Chapter 76

The strangest thing.

A funny feeling.

I bought a French passport off a guy in the Bronx, a proper professional, his ID on the darknet an alpha-numerical tangle that expired the instant he had cash in hand. He’d done a good job too, right down to stamping it with an entry visa from the Canadian border, a couple from Turkey and one from India. I complimented him on his efforts, and he shrugged, great rippling basketball shoulders, and said when he was working it was like nothing bothered him, yeah.

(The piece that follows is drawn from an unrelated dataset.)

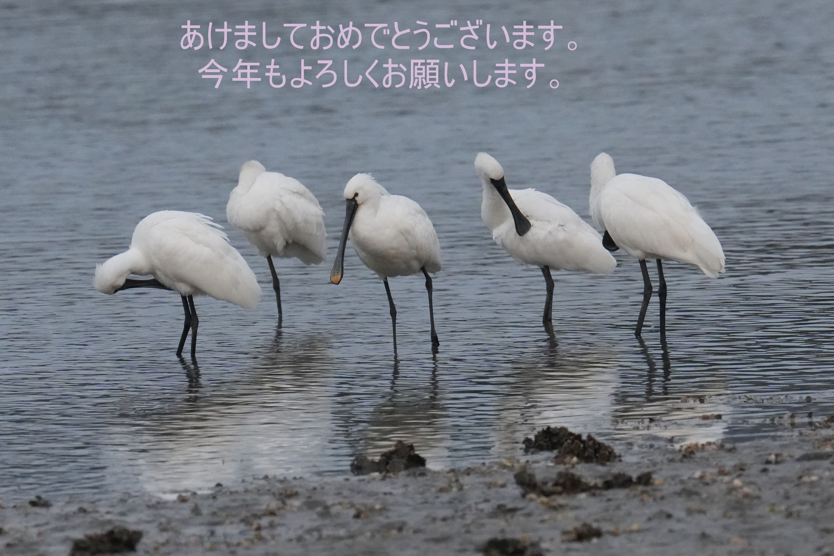 元気なクロツラ一家です。今年もよろしくお願いします。 あ、真ん中はヘラサギちゃんですね。一緒に仲良くやってます。 #クロツラヘラサギ#&#ヘラサギ#

I went to Fifth Avenue to find something fashionable to steal, but nothing leapt to mind, and that night I went to a casino off Eighth and West 36th and counted cards and lost a little but won more, and at one point a security guard stood behind me, and counted cards with me, but someone dropped a cocktail and started screaming at the man who’d bumped into her, and that briefly diverted the guard’s attention, and when he turned back, he’d forgotten what he was doing there.

Standing at JFK waiting for the plane, I saw a woman with a beautiful silver bracelet set with amber, and I went to steal it, and then stopped myself, and didn’t, and sat back down, and when a few minutes later she saw me, and I smiled, she smiled back, and her day was fine.

The cashier phoned her manager when I paid for my flight to London entirely in cash, but I showed her the paperwork from the casino and explained that I’d got lucky, but never had a bank account in the USA.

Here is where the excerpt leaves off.